With so many bullish indicators it is hard to remain bearish, but I guessI’m in danger of becoming a “perma-Bear.” We aren’t far from another top/drawdown.  I’ll continue to sit out a bit longer.

 

MOMENTUM ANALYSIS:

TODAY’S RANKING OF  15 ETFs (Ranked Daily)

The top ranked ETF receives 100%. The rest are then ranked based on their momentum relative to the leading

ETF.


*For additional background on the ETF ranking system see NTSM Page at…

http://navigatethestockmarket.blogspot.com/p/exchange-traded-funds-etf-ranking.html

 

TODAY’S RANKING OF THE DOW 30 STOCKS (Ranked Daily)

Here’s the revised DOW 30 and its momentum analysis. The top ranked stock receives 100%. The rest are then ranked based on their momentum relative to the leading stock.



For more details, see NTSM Page at…

https://navigatethestockmarket.blogspot.com/p/a-system-for-trading-dow-30-stocks-my_8.html

 

FRIDAY MARKET INTERNALS (NYSE DATA)

Market Internals slipped to NEUTRAL.

Market Internals are a decent trend-following analysis of current market action, but should not be used alone for short term trading. They are usually right, but they are often late.  They are most useful when they diverge from the Index. 
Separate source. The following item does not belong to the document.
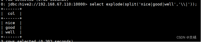 代码:select explode(split("nice|good|well","\|"));
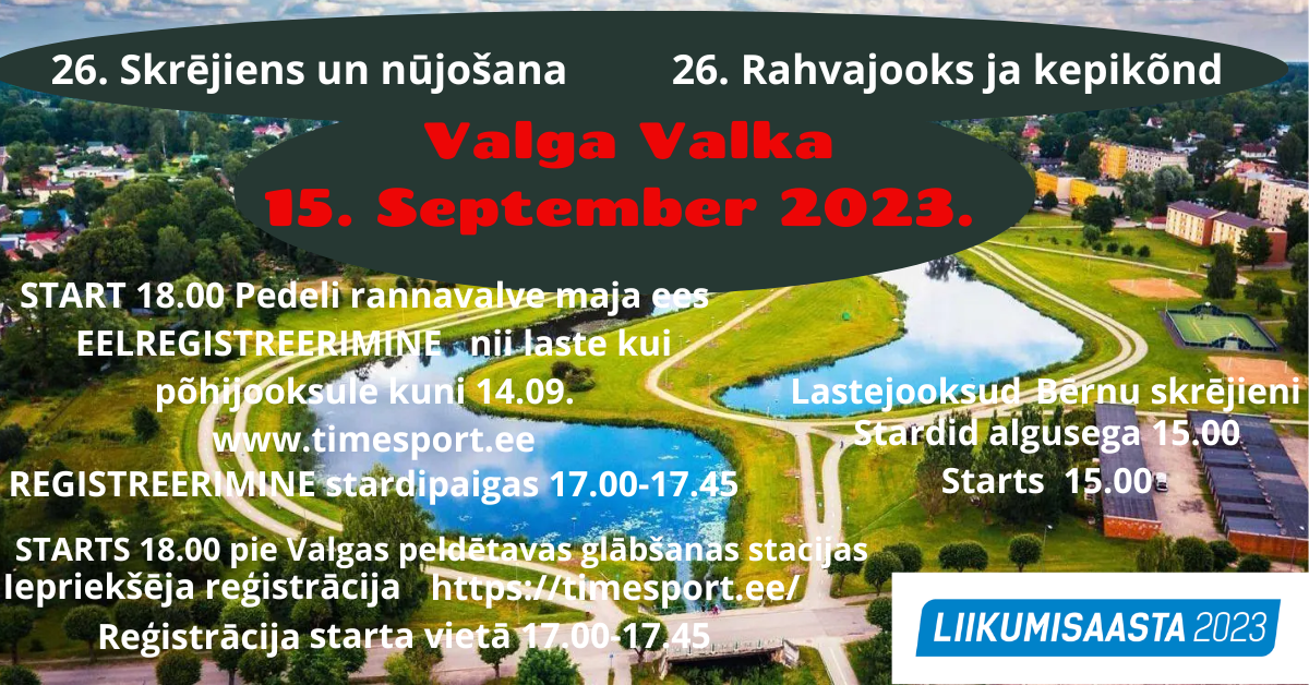 15. septembrī jau 26. reizi tiks dots starts tradicionālajām masu skrējienam “Valga – Valka”. Skrējiens simbolizē Valkas – Valgas ciešo draudzību, un tā mērķis ir popularizēt skriešanu kā aktīvu dzīvesveidu starp abu valstu iedzīvotājiem.

Using the Short-term indicator in 2018 in SPY would have made a 5% gain instead of a 6% loss for buy-and-hold. The methodology was Buy on a POSITIVE indication and Sell on a NEGATIVE indication and stay out until the next POSITIVE indication. The back-test included 13-buys and 13-sells, or a trade every 2-weeks on average.  

My current stock allocation is about 30% invested in stocks. You may wish to have a higher or lower % invested in stocks depending on your risk tolerance. 30% is a very conservative position that I re-evaluate daily, but it is appropriate for the correction.

 

As a retiree, 50% in the stock market is about fully invested for me – it is a cautious and conservative number. If I feel very confident, I might go to 60%; if this correction is deep enough, 80% would not be out of the question.